The Chief Justice of the Supreme Court must act to restore real science to judicial oversight

This is a timely and substantive call, rooted in a specific April 2026 letter from three distinguished physicists—Richard Lindzen (MIT emeritus), William Happer (Princeton emeritus), and Steven Koonin (Stanford Hoover Institution)—to Chief Justice John Roberts. They urge him, as chair of the Federal Judicial Center (FJC), to direct the removal of the new “How Science Works” chapter (65 pages) from the fourth edition of the Reference Manual on Scientific Evidence and reinstate the earlier, shorter, neutral version by David Goodstein (former Caltech vice provost).
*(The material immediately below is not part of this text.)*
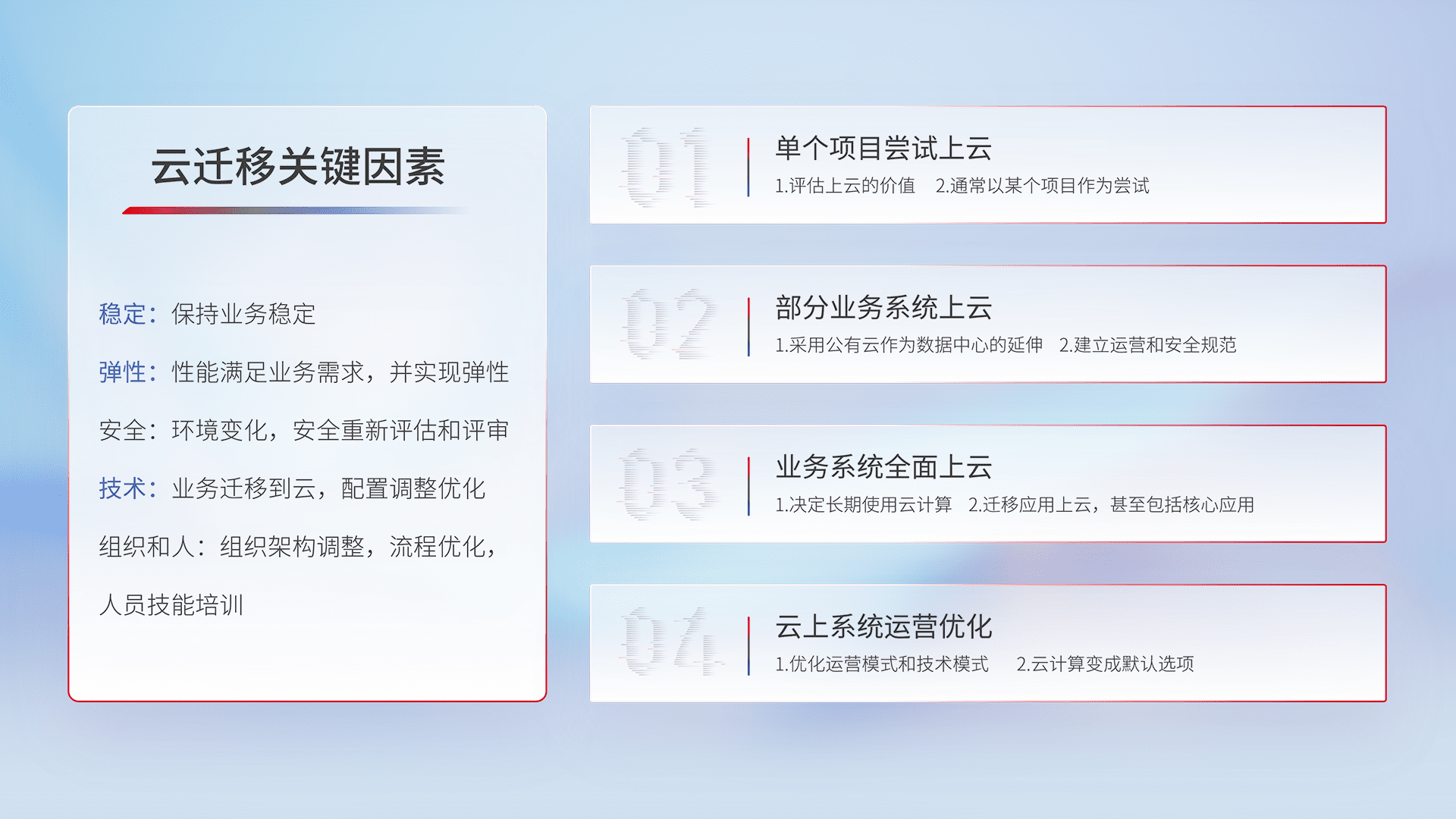 结合实际业务,,从规划设计、、、云平台选型、、、云原生改造、、数据迁移、、、、集成交付,,,,迁移全过程为客户识别最佳上云路径,,,做好风险识别管理,,设计网络架构、、、身份权限、、、、安全审计合规、、、操作审计、、、、日志审计、、、监控告警策略、、、多站点容灾设计等,,对云上基础设施进行整体规划,,,提升IT治理水平,,以满足弹性、、、高可用、、、、高性能的需求。。。。
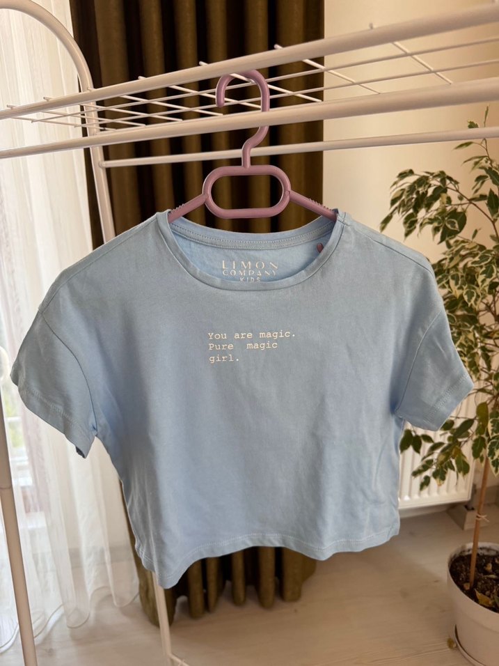 Mavi renk, kısa kollu, pamuklu ve bol kesim kız çocuk tişörtü. Önünde 'magic' yazılı baskı ile rahat ve şık bir stil sunar. ✨

The scientists argue that the replacement chapter shifts emphasis from the scientific method (testable predictions confronted with data, falsifiability, reproducible results) to “scientific consensus” and “community norms,” which they view as vulnerable to groupthink, funding pressures, and untestable claims—especially in fields like climate science where controlled experiments are limited. They tie this directly to the manual’s influence on thousands of judges handling over 1,000 climate-related cases and warn it risks undermining the Supreme Court’s 2024 Loper Bright decision, which ended Chevron deference and placed greater responsibility on judges to independently evaluate technical and scientific questions in statutory interpretation.

Judges are not scientists, and the Supreme Court has never claimed they should resolve scientific debates. Their role is procedural and evidentiary: to demand that proffered “science” in court meets basic standards of reliability before it influences outcomes in toxic torts, regulatory challenges, or mass litigation. Post-Loper Bright, this gatekeeping is even more critical because agencies no longer get automatic deference on ambiguous statutes involving technical matters.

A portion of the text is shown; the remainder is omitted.